_Information supplied_.
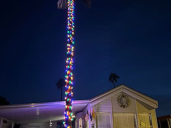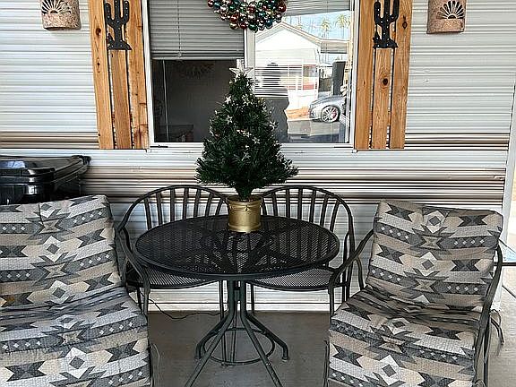 LOW lot rent $550 mo includes water, sewer and trash. Lot 615 in beautiful Palm Garden 55+ resort with two pools, whirlpool and other amenities. Furnished with many many upgrades including a new GE profile dishwasher. Finished 10x10 hobby room with cabinets and TV. New handicap rap and sun screens on west side and faux wood blinds. Call 505-256-8676
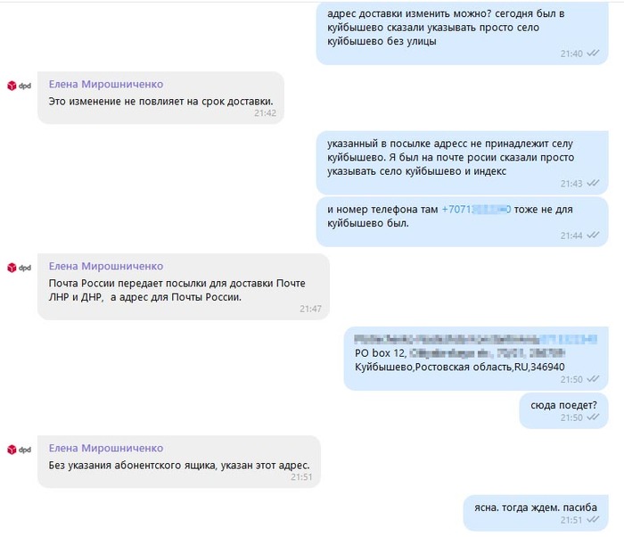 8.11.2021 я решил уточнить куда приедет посылка т.к. в отправлении указано доставка до двери, что меня собственно и смутило. Позвонил на горячую линию, звонить в роуминге то еще удовольствие, особенно когда тебе рассказывает робот 2 минуты до оператора, а потом еще слушать замечательную мелодию минут 5-10. Ожидание проверок посылки по 5 минут то еще удовольствие, ждешь и понимаешь, что тот светильник растет в цене каждую минуту. По итогу переговоров с оператором DPD выяснилось, что курьер посылку забрал, доставку будет осуществлена по плану согласно адреса указанного на посылке т.е. с. Куйбышево на несуществующий адрес т.к. адрес указан для дальнейшей пересылки в ДНР. Для изменения адреса доставки попросили позвонить 9.11.2021г., т.к. с курьером нельзя связаться, и можно будет договорится с курьером чтобы забрать где ни будь в Куйбышево.
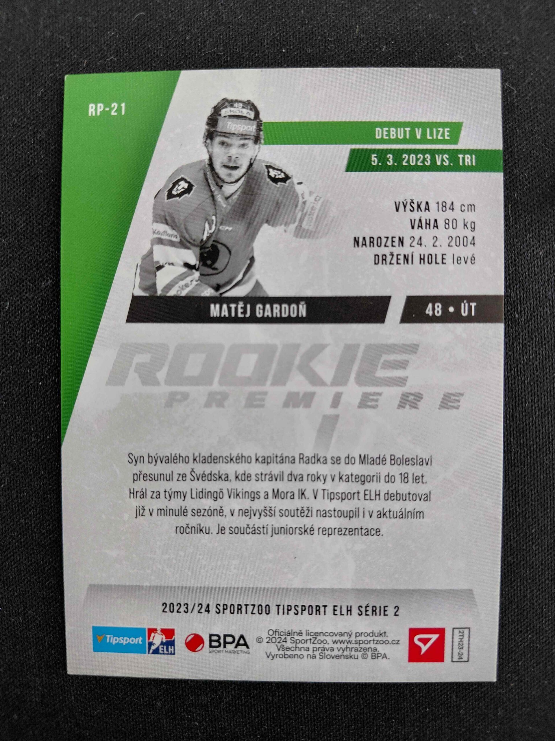 2023/2024 Sportzoo Serie 2 Rookie Premiere Showtime RP-21 Matěj Gardoň Inzert 10/99

_To do_.
Restate the material above word for word, so that nothing changes except that the pictures are gone.

_Reply_.
 LOW lot rent $550 mo includes water, sewer and trash. Lot 615 in beautiful Palm Garden 55+ resort with two pools, whirlpool and other amenities. Furnished with many many upgrades including a new GE profile dishwasher. Finished 10x10 hobby room with cabinets and TV. New handicap rap and sun screens on west side and faux wood blinds. Call 505-256-8676
 8.11.2021 я решил уточнить куда приедет посылка т.к. в отправлении указано доставка до двери, что меня собственно и смутило. Позвонил на горячую линию, звонить в роуминге то еще удовольствие, особенно когда тебе рассказывает робот 2 минуты до оператора, а потом еще слушать замечательную мелодию минут 5-10. Ожидание проверок посылки по 5 минут то еще удовольствие, ждешь и понимаешь, что тот светильник растет в цене каждую минуту. По итогу переговоров с оператором DPD выяснилось, что курьер посылку забрал, доставку будет осуществлена по плану согласно адреса указанного на посылке т.е. с. Куйбышево на несуществующий адрес т.к. адрес указан для дальнейшей пересылки в ДНР. Для изменения адреса доставки попросили позвонить 9.11.2021г., т.к. с курьером нельзя связаться, и можно будет договорится с курьером чтобы забрать где ни будь в Куйбышево.
 2023/2024 Sportzoo Serie 2 Rookie Premiere Showtime RP-21 Matěj Gardoň Inzert 10/99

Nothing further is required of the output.